DATASET CONTENT
--- START ---

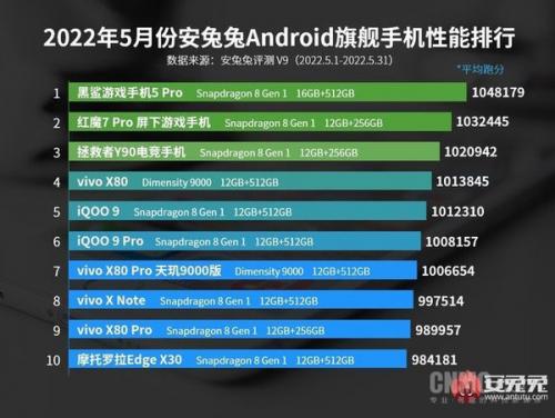 近日,知名跑分平台安兔兔公布了安卓旗舰手机5月性能排行榜Top10,我们可以看到,排名前十的大部分是搭载骁龙8移动平台的手机。
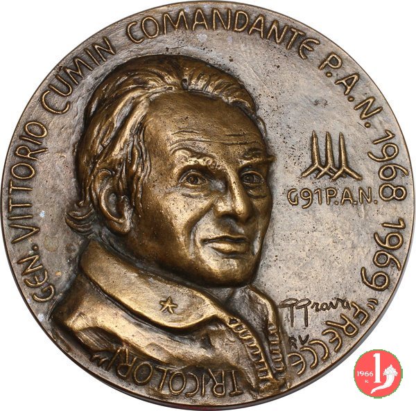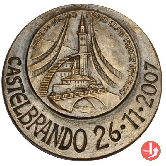 Pieve di Soligo - Club Frecce Tricolori 2007 Dritto: GEN. VITTORIO CUMIN COMANDANTE P.A.N. 1968 1969 "FRECCE TRICOLORI" busto di 3/4 a dx xon divisa nel campo a dx: logo delle Frecce Tricolori e sotto G91 P.A.N. in basso a dx: G GRAVA = RV entro medaglia: PIEVE DI SOLIGO _ PRIMO CLUB "FRECCE TRICOLORI" Vista di Pieve di Soligo con il Duomo e il Ponte sul Soligo |
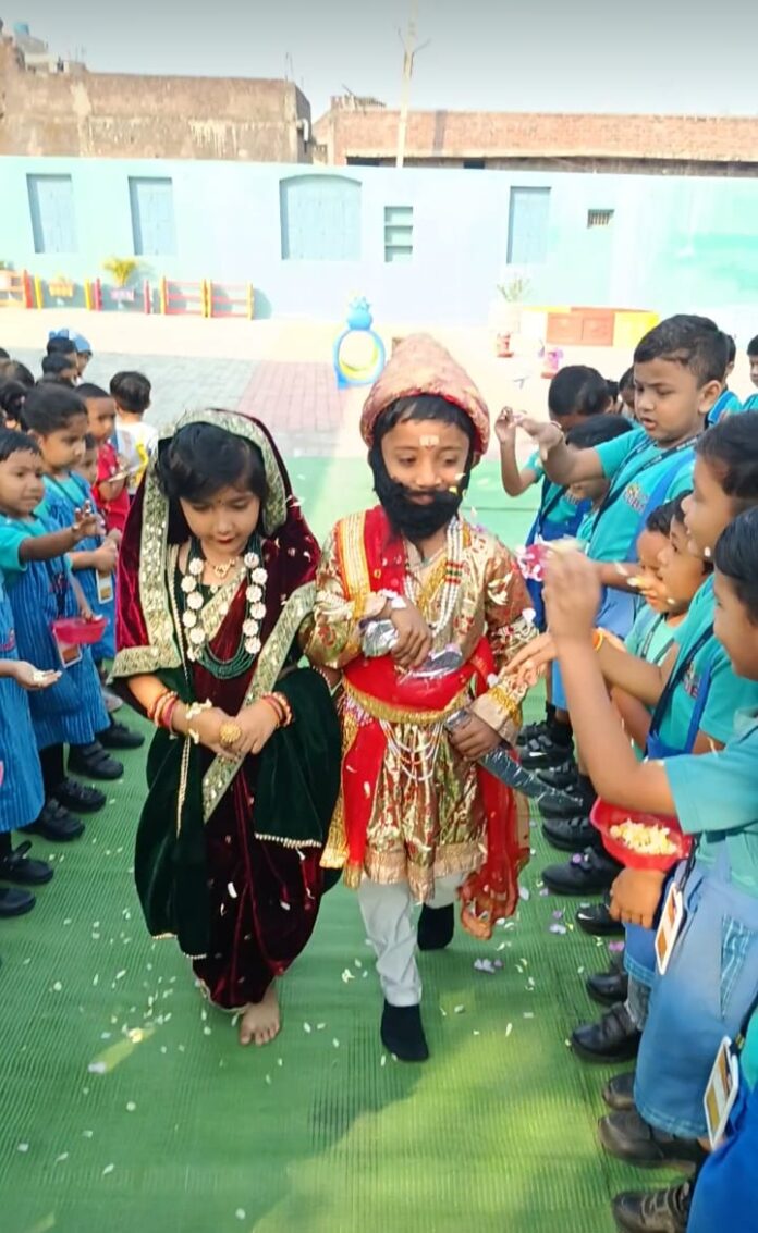 या कार्यक्रमामध्ये के जी २ चे विद्यार्थी ओजस मनोज पांडे शिवाजी महाराजांच्या वेशभूषेत आणि स्वरांगी आकाश येंडे जिजामातेच्या वेशभूषेत आले होते.

--- END ---

WHAT YOU ARE ASKED TO DO
Copy the listing exactly. No images belong in the copy.

OUTPUT
 近日,知名跑分平台安兔兔公布了安卓旗舰手机5月性能排行榜Top10,我们可以看到,排名前十的大部分是搭载骁龙8移动平台的手机。
 Pieve di Soligo - Club Frecce Tricolori 2007 Dritto: GEN. VITTORIO CUMIN COMANDANTE P.A.N. 1968 1969 "FRECCE TRICOLORI" busto di 3/4 a dx xon divisa nel campo a dx: logo delle Frecce Tricolori e sotto G91 P.A.N. in basso a dx: G GRAVA = RV entro medaglia: PIEVE DI SOLIGO _ PRIMO CLUB "FRECCE TRICOLORI" Vista di Pieve di Soligo con il Duomo e il Ponte sul Soligo |
 या कार्यक्रमामध्ये के जी २ चे विद्यार्थी ओजस मनोज पांडे शिवाजी महाराजांच्या वेशभूषेत आणि स्वरांगी आकाश येंडे जिजामातेच्या वेशभूषेत आले होते.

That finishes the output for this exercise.